### Prompt
Below are records with pictures. Transcribe exactly, and only, the lines from the line with "EA Sports FC" to the line with "Refresh availabilityHermès Yellow", both ends included, but not the pictures.

### Supplied material

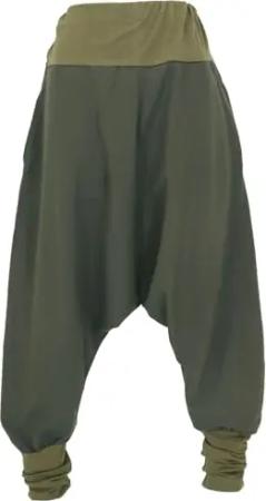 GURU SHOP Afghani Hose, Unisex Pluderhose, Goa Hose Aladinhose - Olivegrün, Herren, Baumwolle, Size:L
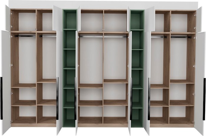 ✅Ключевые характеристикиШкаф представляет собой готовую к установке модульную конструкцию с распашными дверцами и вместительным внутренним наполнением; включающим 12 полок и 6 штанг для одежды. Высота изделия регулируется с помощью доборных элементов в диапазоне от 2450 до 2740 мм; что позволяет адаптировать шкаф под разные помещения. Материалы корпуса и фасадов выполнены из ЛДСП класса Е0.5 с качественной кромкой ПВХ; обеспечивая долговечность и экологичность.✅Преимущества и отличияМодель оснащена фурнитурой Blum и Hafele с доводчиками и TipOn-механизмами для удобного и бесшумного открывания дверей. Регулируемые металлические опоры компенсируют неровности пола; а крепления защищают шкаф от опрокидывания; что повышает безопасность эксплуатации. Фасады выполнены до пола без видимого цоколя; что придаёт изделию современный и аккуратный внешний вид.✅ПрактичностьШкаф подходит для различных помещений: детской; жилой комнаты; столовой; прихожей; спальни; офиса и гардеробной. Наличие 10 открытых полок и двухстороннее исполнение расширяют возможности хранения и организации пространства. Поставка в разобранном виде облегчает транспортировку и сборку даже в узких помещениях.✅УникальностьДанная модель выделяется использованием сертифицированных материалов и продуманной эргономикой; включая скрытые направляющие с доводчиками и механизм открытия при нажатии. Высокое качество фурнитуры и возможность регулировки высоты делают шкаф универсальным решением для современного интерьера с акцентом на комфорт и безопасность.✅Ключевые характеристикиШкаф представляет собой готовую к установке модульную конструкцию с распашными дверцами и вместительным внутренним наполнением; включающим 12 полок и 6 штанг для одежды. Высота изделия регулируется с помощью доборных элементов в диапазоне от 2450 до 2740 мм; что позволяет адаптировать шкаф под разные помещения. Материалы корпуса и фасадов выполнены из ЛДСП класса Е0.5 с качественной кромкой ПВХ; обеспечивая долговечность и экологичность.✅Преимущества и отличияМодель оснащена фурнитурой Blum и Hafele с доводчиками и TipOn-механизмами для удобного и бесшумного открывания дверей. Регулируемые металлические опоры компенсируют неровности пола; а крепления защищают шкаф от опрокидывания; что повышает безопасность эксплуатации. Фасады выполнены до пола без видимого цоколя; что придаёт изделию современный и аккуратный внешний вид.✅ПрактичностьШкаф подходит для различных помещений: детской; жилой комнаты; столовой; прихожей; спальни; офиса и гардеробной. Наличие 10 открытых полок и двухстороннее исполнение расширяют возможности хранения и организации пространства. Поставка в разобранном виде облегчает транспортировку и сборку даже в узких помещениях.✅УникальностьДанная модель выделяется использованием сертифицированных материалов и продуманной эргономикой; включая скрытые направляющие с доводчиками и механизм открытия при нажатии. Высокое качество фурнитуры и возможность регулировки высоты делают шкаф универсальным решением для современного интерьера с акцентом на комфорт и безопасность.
--
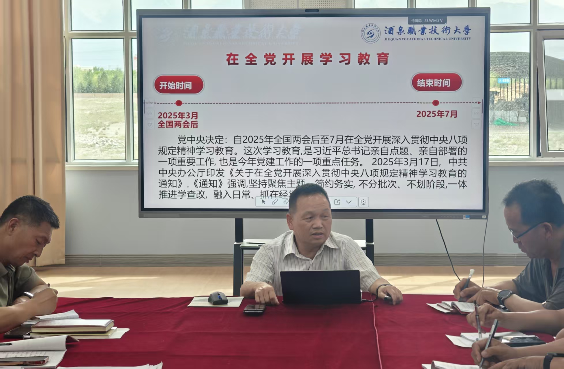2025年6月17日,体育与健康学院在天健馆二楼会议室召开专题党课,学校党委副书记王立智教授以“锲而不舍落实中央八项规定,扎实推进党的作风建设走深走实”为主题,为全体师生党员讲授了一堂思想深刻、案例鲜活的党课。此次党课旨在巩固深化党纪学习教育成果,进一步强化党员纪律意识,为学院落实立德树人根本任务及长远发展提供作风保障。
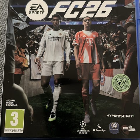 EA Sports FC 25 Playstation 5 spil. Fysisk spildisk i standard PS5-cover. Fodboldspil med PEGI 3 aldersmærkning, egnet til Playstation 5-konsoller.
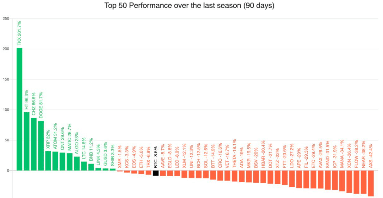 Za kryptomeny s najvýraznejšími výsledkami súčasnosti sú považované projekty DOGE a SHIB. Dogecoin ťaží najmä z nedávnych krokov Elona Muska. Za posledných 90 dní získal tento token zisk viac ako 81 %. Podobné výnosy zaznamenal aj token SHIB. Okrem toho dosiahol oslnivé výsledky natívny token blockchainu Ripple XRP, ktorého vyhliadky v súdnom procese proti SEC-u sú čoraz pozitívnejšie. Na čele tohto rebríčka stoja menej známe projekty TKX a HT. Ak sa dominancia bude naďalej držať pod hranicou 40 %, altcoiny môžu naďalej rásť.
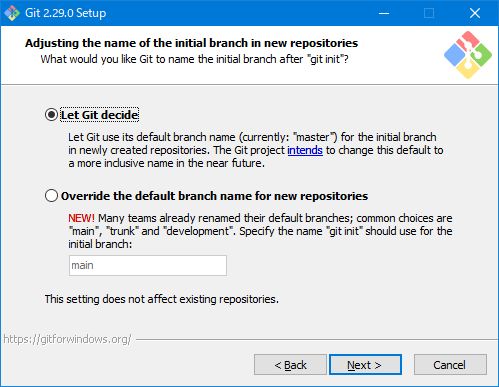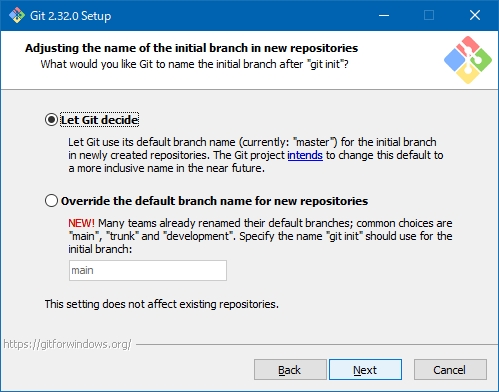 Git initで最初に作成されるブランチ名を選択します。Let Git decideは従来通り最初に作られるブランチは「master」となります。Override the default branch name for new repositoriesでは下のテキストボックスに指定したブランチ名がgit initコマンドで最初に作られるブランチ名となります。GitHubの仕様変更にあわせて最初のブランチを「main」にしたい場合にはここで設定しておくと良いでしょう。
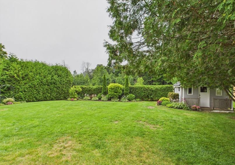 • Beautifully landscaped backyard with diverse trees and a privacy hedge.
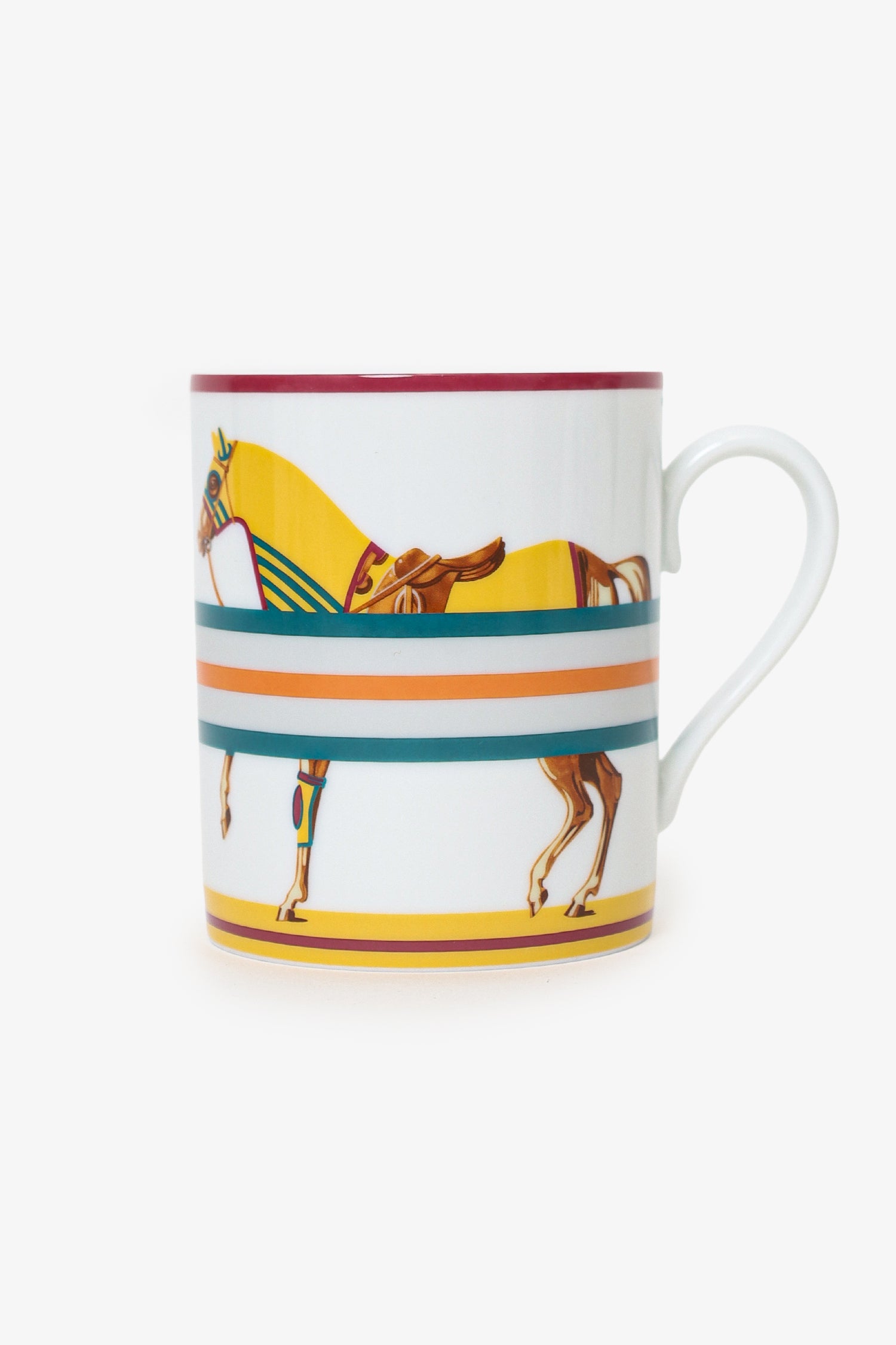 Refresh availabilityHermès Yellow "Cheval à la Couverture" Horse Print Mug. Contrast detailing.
==
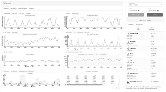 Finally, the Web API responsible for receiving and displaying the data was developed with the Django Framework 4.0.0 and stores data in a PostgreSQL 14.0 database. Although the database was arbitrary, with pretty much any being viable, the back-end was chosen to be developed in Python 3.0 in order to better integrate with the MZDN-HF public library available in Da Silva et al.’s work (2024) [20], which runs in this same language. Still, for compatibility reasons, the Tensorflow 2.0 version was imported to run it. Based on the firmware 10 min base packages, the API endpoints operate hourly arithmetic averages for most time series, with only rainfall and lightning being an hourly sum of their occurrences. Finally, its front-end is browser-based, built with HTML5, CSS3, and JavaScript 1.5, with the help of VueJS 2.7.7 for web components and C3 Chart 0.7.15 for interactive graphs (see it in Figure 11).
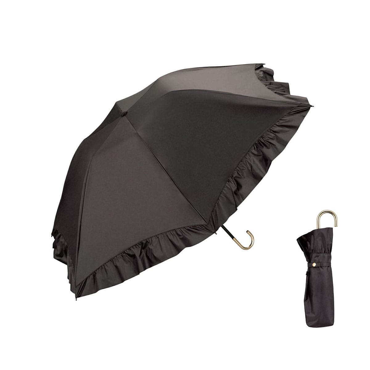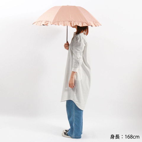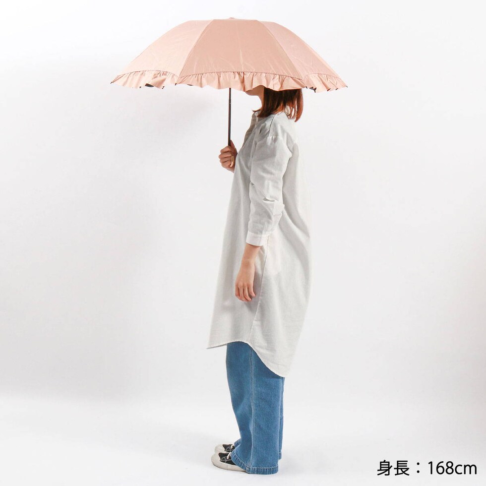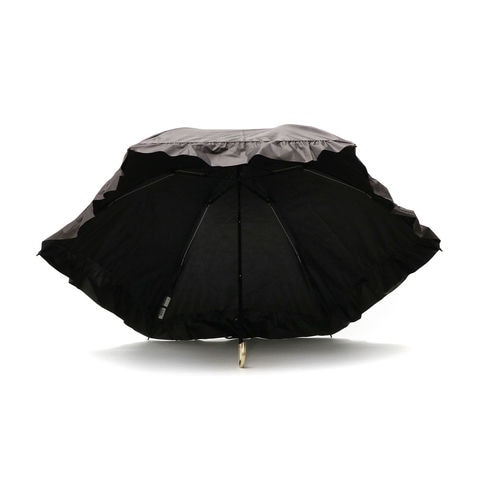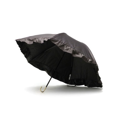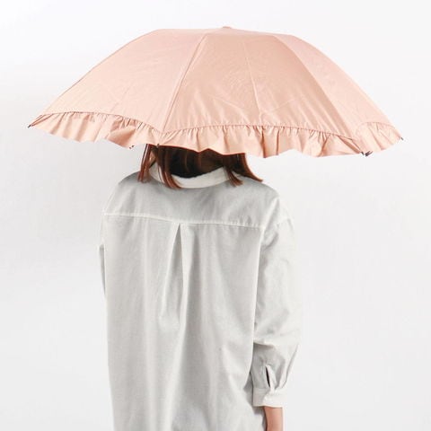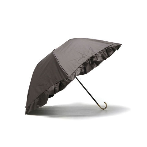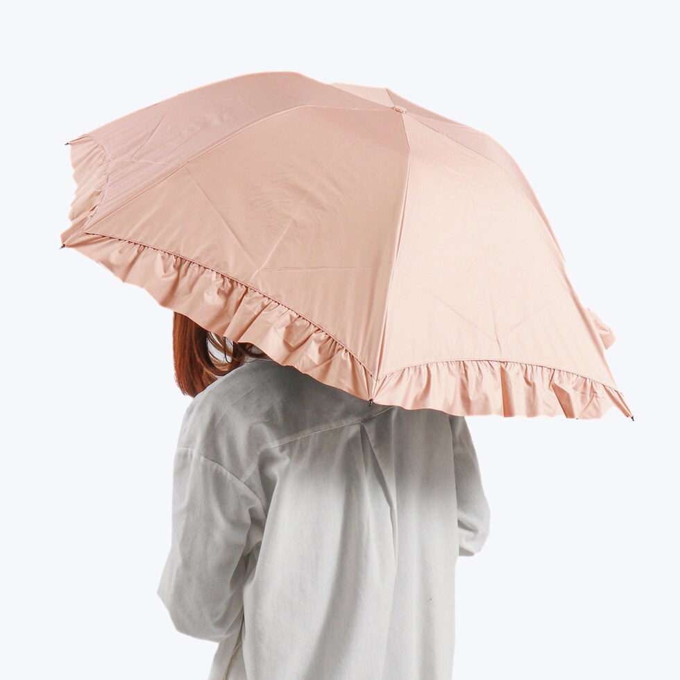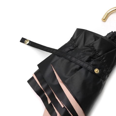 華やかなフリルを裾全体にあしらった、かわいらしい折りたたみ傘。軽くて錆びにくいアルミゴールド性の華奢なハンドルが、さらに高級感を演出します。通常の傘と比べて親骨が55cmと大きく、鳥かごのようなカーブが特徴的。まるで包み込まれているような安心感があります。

### Task answer
 EA Sports FC 25 Playstation 5 spil. Fysisk spildisk i standard PS5-cover. Fodboldspil med PEGI 3 aldersmærkning, egnet til Playstation 5-konsoller.
 Za kryptomeny s najvýraznejšími výsledkami súčasnosti sú považované projekty DOGE a SHIB. Dogecoin ťaží najmä z nedávnych krokov Elona Muska. Za posledných 90 dní získal tento token zisk viac ako 81 %. Podobné výnosy zaznamenal aj token SHIB. Okrem toho dosiahol oslnivé výsledky natívny token blockchainu Ripple XRP, ktorého vyhliadky v súdnom procese proti SEC-u sú čoraz pozitívnejšie. Na čele tohto rebríčka stoja menej známe projekty TKX a HT. Ak sa dominancia bude naďalej držať pod hranicou 40 %, altcoiny môžu naďalej rásť.
 Git initで最初に作成されるブランチ名を選択します。Let Git decideは従来通り最初に作られるブランチは「master」となります。Override the default branch name for new repositoriesでは下のテキストボックスに指定したブランチ名がgit initコマンドで最初に作られるブランチ名となります。GitHubの仕様変更にあわせて最初のブランチを「main」にしたい場合にはここで設定しておくと良いでしょう。
 • Beautifully landscaped backyard with diverse trees and a privacy hedge.
 Refresh availabilityHermès Yellow "Cheval à la Couverture" Horse Print Mug. Contrast detailing.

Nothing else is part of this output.